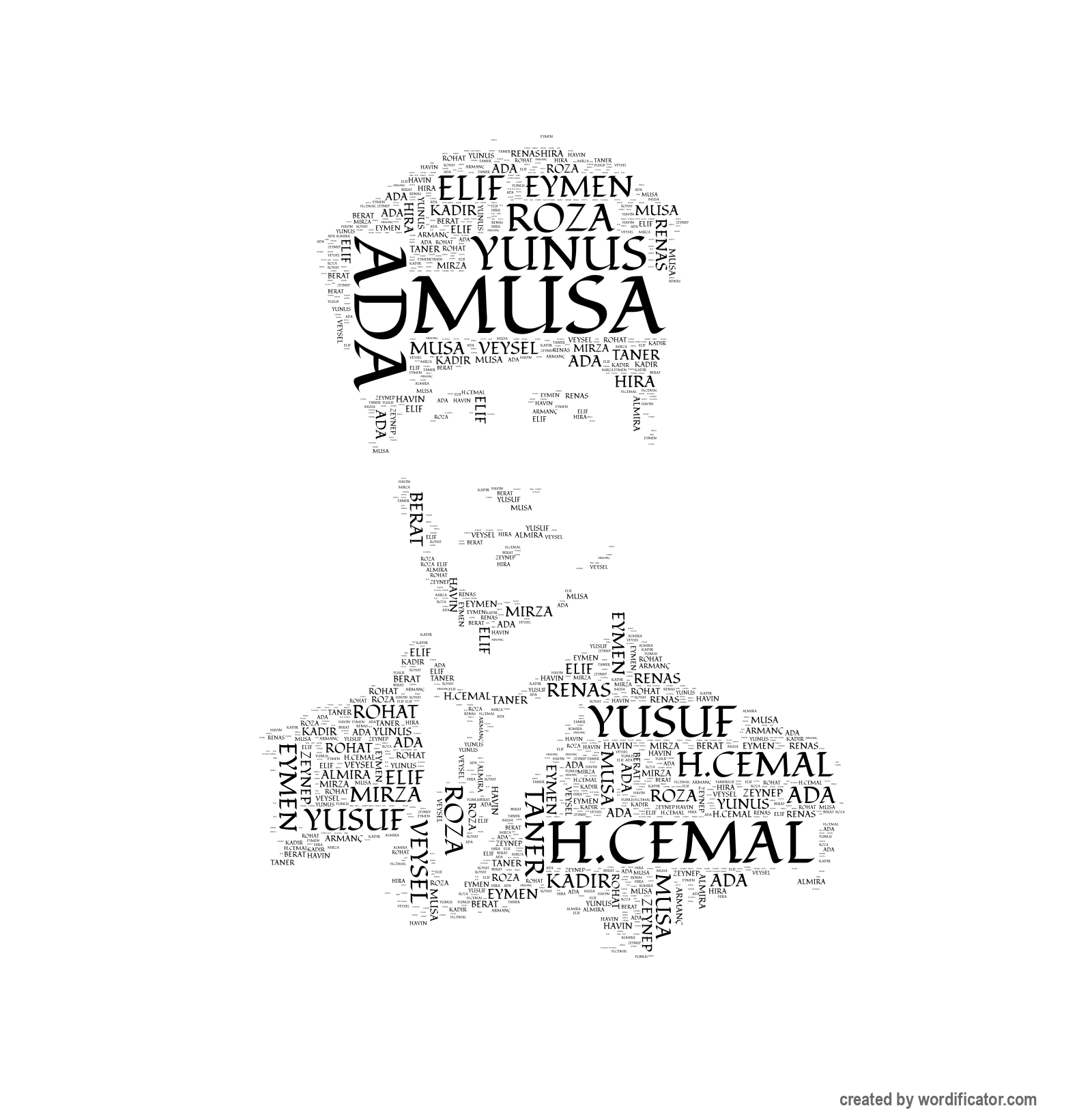 Roza Musa Eymen H.Cemal Yunus Almira Yusuf Renas Veysel Mirza Elif Kadir Hira Ada Taner Armanç Rohat Havin Berat Zeynep Arin Lokman Adem Kayra Ceylin Seda Eslem Lavin Baver Betül Ali
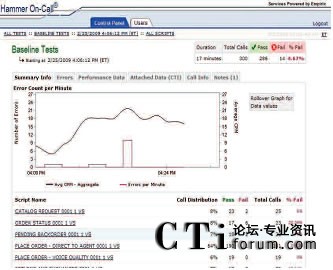 只需使用一個簡單易用的Web接入就可以和Empirix測試小組一起實時跟蹤測試進(jìn)度。此外,還同時可以查看測試結(jié)果、發(fā)生失敗的類型和導(dǎo)致失敗發(fā)生的測試流量。通話全程記錄功能可以用來記錄相關(guān)通話,從而捕獲和幫助診斷發(fā)生失敗的根源?梢詤⒖枷铝袌D表:
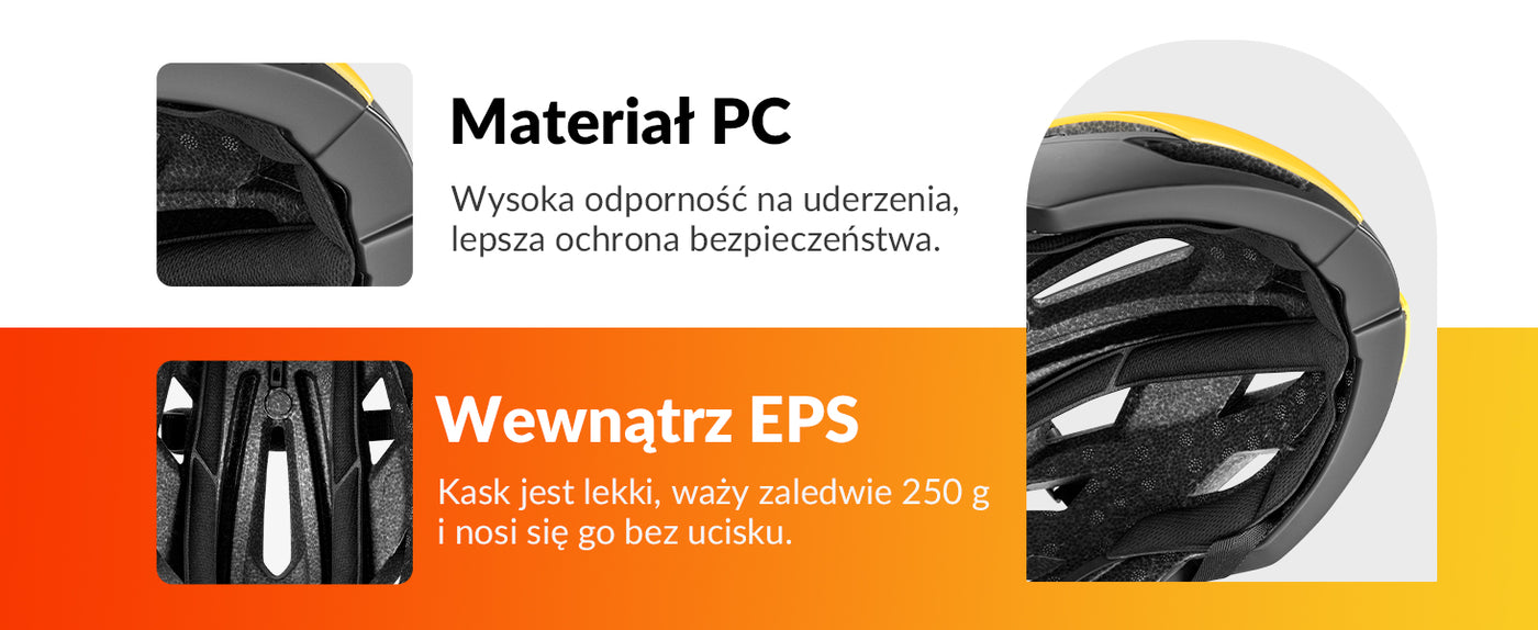 Materiały: skorupa PC + wewnętrzna skorupa EPS

_Work instructions_:
Where pictures occur in the material above, omit them and return everything else exactly.

_Response to this task_:
 Roza Musa Eymen H.Cemal Yunus Almira Yusuf Renas Veysel Mirza Elif Kadir Hira Ada Taner Armanç Rohat Havin Berat Zeynep Arin Lokman Adem Kayra Ceylin Seda Eslem Lavin Baver Betül Ali
 只需使用一個簡單易用的Web接入就可以和Empirix測試小組一起實時跟蹤測試進(jìn)度。此外,還同時可以查看測試結(jié)果、發(fā)生失敗的類型和導(dǎo)致失敗發(fā)生的測試流量。通話全程記錄功能可以用來記錄相關(guān)通話,從而捕獲和幫助診斷發(fā)生失敗的根源?梢詤⒖枷铝袌D表:
 Materiały: skorupa PC + wewnętrzna skorupa EPS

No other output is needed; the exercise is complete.